The Torah offers no tidy reconciliation. Avraham returns alone.[15] Sarah dies far away in Chevron, and only then does Avraham come to mourn her.[16] Itzchak is absent from both scenes. Later, however, he and Yishmael bury their father together.[17] The family is not restored, yet a thread of obligation endures. This is a truthful hope.

We cannot always mend what has been broken, but we can still choose presence, honour, and restraint. In the language of the Akedah, holiness is often the moment we lower the knife.

Perhaps this is the Akedah's most honest teaching: we can continue even when we cannot fully repair. But we can also choose—as Wilner's Sarah does—to refuse the test, to say "I will not be chosen." Sometimes the most faithful response is resistance.
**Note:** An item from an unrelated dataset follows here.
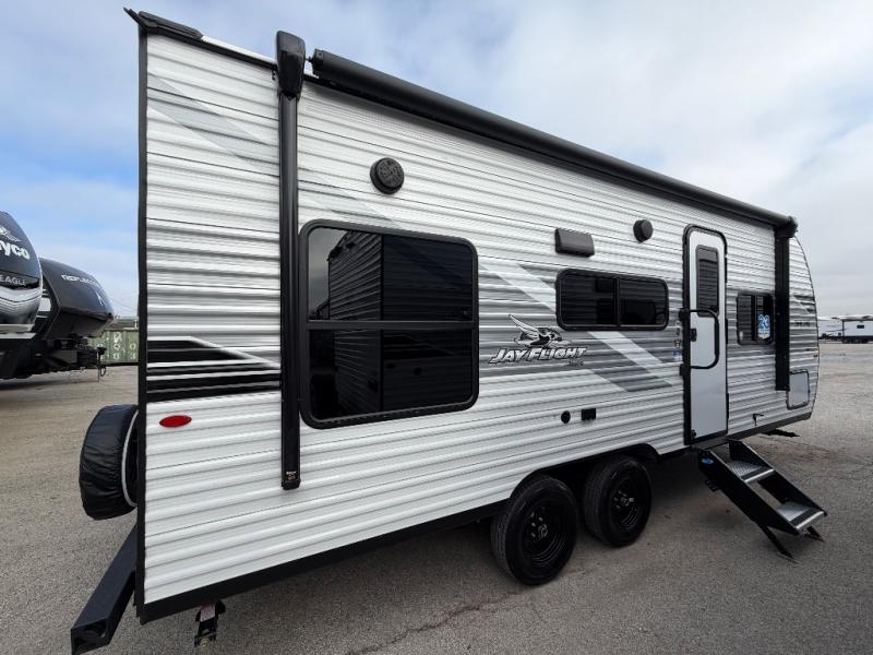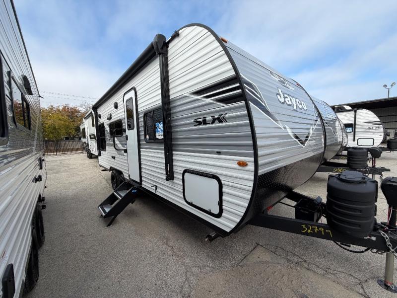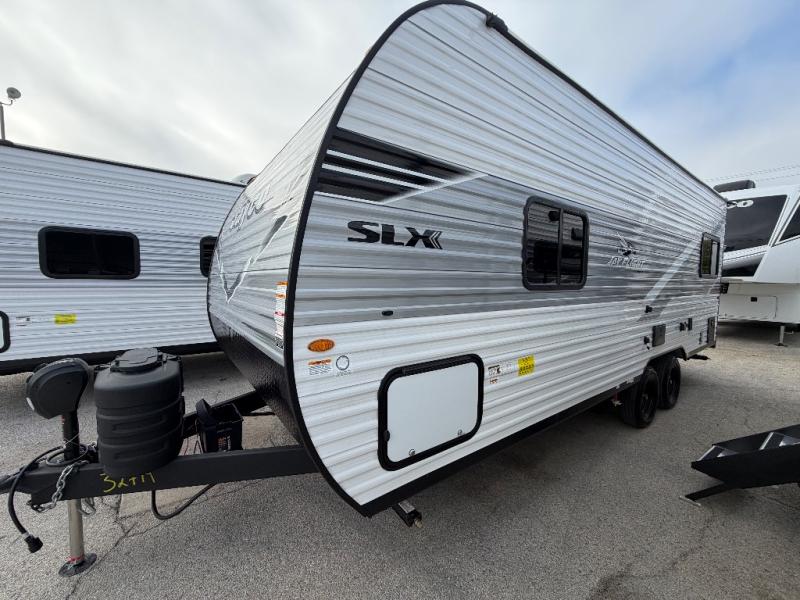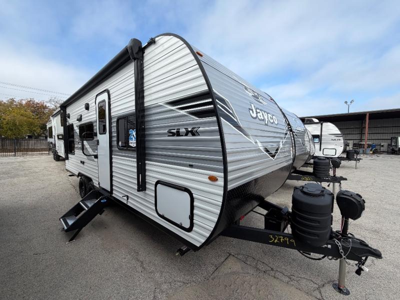 The Jayco Jay Flight SLX travel trailer is quite easy to own because it is lightweight for an easier towing experience. Built on a fully integrated A-frame with galvanized-steel, impact-resistant wheel wells, the Jay Flight SLX has quality at its very foundation. That quality continues on to the electric self-adjusting brakes, easy-lube hubs, Magnum Truss roof system, and LP quick connect. Some of what the mandatory Customer Value Package includes is backup camera prep, Keyed-Alike entry and baggage doors, and an on-demand tankless water heater.

The power of Bibliodrama is that it refuses single interpretations. When we inhabit Avraham, we feel his uncertainty. When we inhabit Itzchak, we feel his betrayal. When we inhabit Sarah, we feel her exclusion. When we sit with the ram, we remember all who are sacrificed for grand narratives they do not understand. When we try to understand God’s reasons, we remain baffled.

The Akedah lays bare the terrible costs of acting without considering impact upon others. It shows how decisions made in isolation—without consulting those most affected, without considering resulting trauma—can shatter families. It reveals the complexity of discerning God's will when voices compete and certainty eludes us.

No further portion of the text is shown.